Manage Large Scenes in 3ds Max

Figure 1: Housing development in 3ds Max

Scene sizes are growing and the demand to show more—and show it more realistically—evolves constantly. We are expected to push the limits, to reach an idea, into someone's imagination, and build it from scratch, one triangle at a time. We mold it, move it, animate it, analyze it, and push the very cores of our computers and its ability to process in order to create characters that topple buildings and toss tanks for big screens, create sustainable developments, help with advancements in technology, science, and more. The ability to manage scenes with these expectations can be the key to their success.

First, our duty is to utilize every bit of processing power, RAM, and space we have available to develop the best product possible. This starts with poly count for every single object we have placed in our scene, whether it's a blade of grass or a skyscraper. Simply put, the more polygons in a scene the more our computers have to process, resulting in higher render times and lag during workflow.  Fortunately 3ds Max® provides some tools to help reduce the poly count of objects in our scenes.  Shown in Figure 1 is a model with an exceptionally high poly count.
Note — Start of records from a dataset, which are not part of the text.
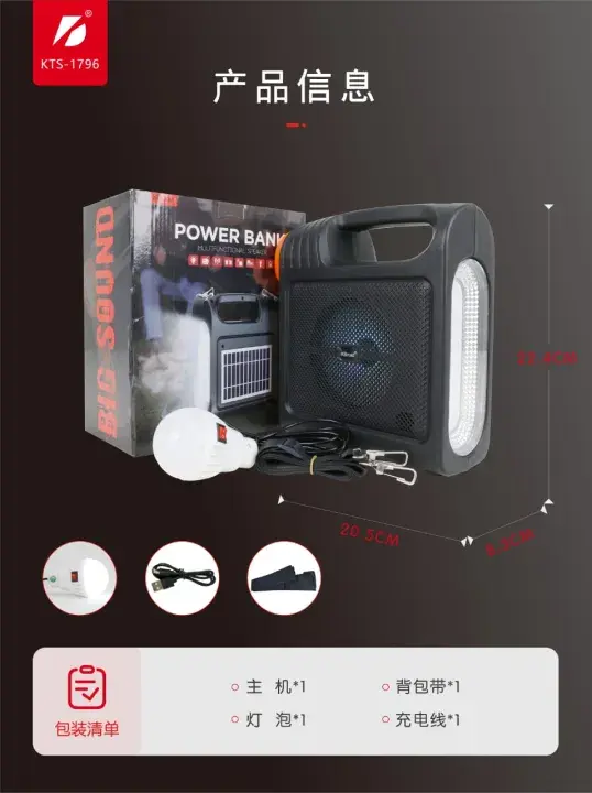 KTS-1796 Portable Outdoor Power Supply & Wireless Speaker - 3000mAh Battery - Solar Charging Supported - FM Radio, Bluetooth, USB & TF Card - Built-in Emergency Torch & External LED Bulb - Multi-functional Camping Sound System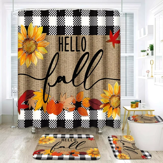 Welcome fall into your home with this charming 4-piece bathroom set featuring a stylish sunflower and buffalo check design. Perfect for creating a warm, seasonal atmosphere, this complete set includes everything you need to transform your bathroom into an autumn retreat – from a waterproof shower curtain to ultra-soft rugs.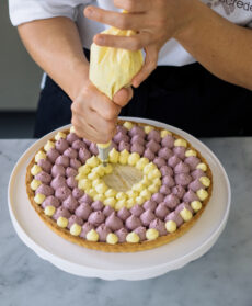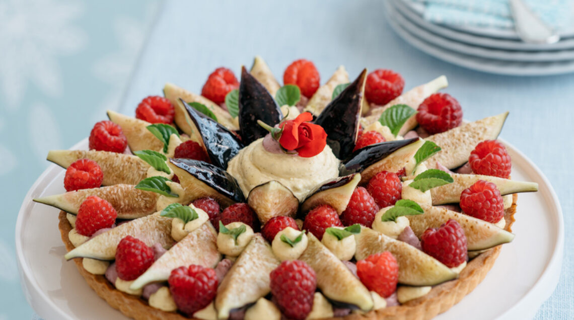 Fichi al cioccolato bianco e lamponi ai limoni e alla menta fanno di questo dessert casereccio una proposta elegante e creativa
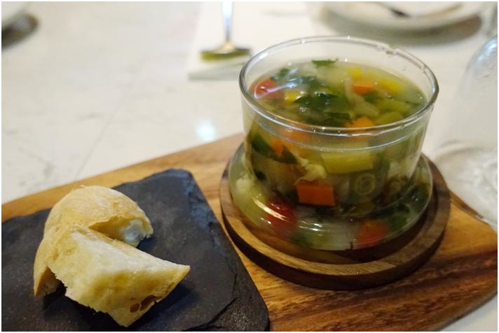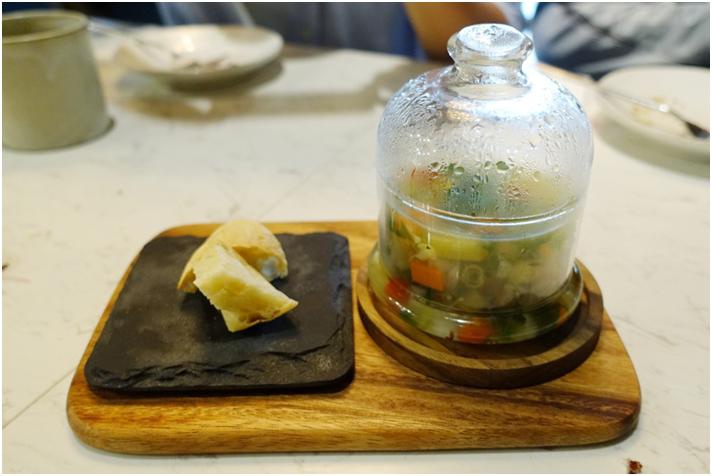 使用多種蔬菜經過慢火三小時的熬煮,煮出蔬菜內部的精華.透明的玻璃盅打開冒出一團煙霧更是有趣!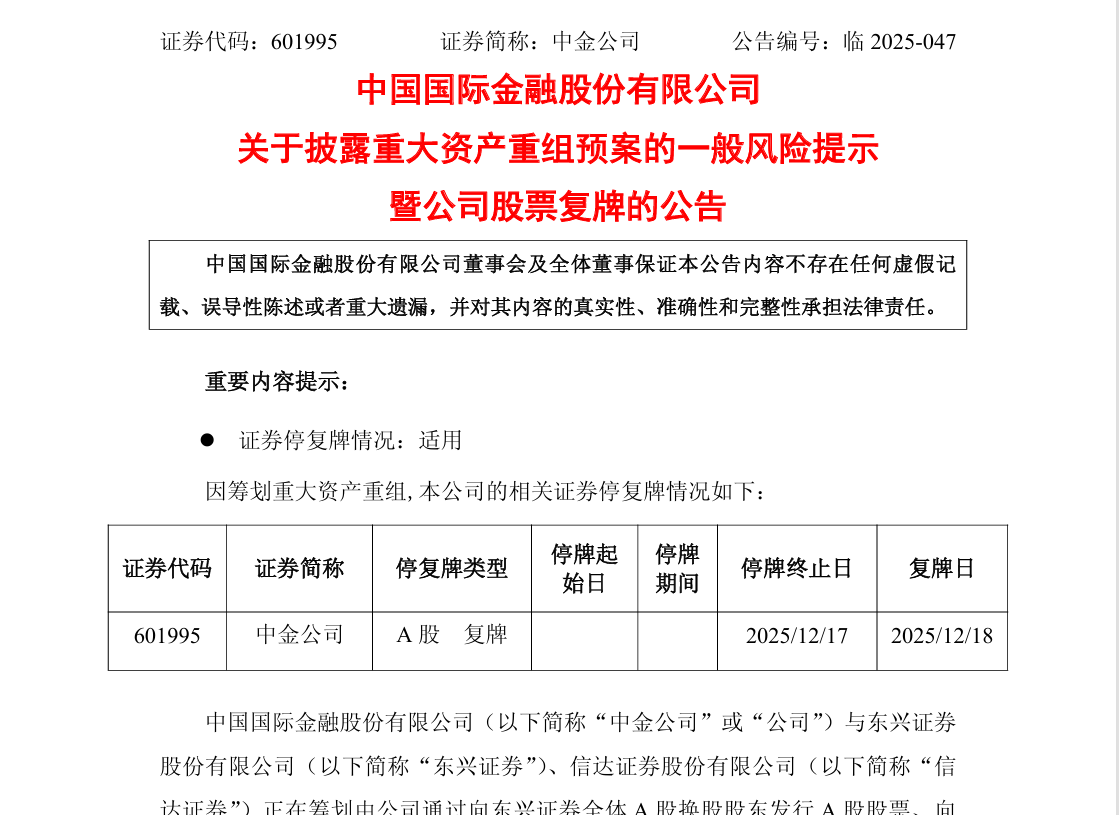 券商重磅重组方案出炉。12月17日晚,中金公司与东兴证券、信达证券同步披露重大资产重组预案,中金公司换股吸收合并两家公司迎来重大进展,并拟于12月18日复牌。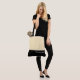 This lovely fashion forward tote bag shows the word "Bridesmaid" in white text colour over black with the upper tote bag in custom Champagne. Has plenty of room for personalised text. Graphics and text are on both sides of this tote bag. Black handle. Customise further or buy as shown.

Figure 2: Gear system for watch—203,150 Polys; 134,967 Verts

Figure 3 below shows the same model after running 3ds Max's Optimize Modifier.

Figure 3: Gear system for watch—91,456 Polys; 79,120 Verts

As you can see there's little difference between the edge-free renders.

Using the modifier is simple: select the modifier and change the Face and Edge Thresh values.

Figure 4: 3ds Max Optimize Modifier

If you've already developed your scene and simply want to scan it for areas you can optimize, this is simple as well. Choose the Select by Name tool (number 1 in Figure 5) and add Faces to the columns available to sort by (number 2 in Figure 5).

Figure 5: 3ds Max Select by Scene tool

Second, keep in mind the distance from which your object appears. The farther the distance from your camera, the more likely it is that you can exclude particular details such as fillets, bevels, chamfers, or even entire faces since many of them may not be visible to the eye in the final product.

Third, in order to effectively manage a complex scene it's necessary to use proxy objects. Proxy objects are low-poly representations of high-poly models in a scene, based on a single source file. These can be trees, blades of grass, cars, people, or whatever you decide.  They allow us to place hundreds of these objects using various tools such as linear or random arrays in a matter of a few minutes, while populating our scenes with only low-poly representations of what they actually are. This frees up memory, allowing us to work more quickly within our scene. When it comes time to produce the final result, the render will process the high-poly version to produce the best possible render.

Tip: when creating a model that will act as a proxy object, it's best to produce it in its own scene; using your larger (parent) scene can cause problems.

Figure 6: City scene with proxy trees

Fourth, use xrefs.  Xrefs allow us to build incredibly complex scenes by dividing them into multiple files. In high-production environments this is also helpful by allowing members of multiple teams to work on a specific scene. For example, when working on a large community development, one member can work on the streetscape while another works on the homes or traffic features.

Finally, planning for predetermined camera angles allows us to minimize poly count by focusing our attention on details seen in specific frames, allowing us to ignore or even delete objects that we wouldn’t see. Spend time setting up scenes early in the production process to avoid a lot of unnecessary work.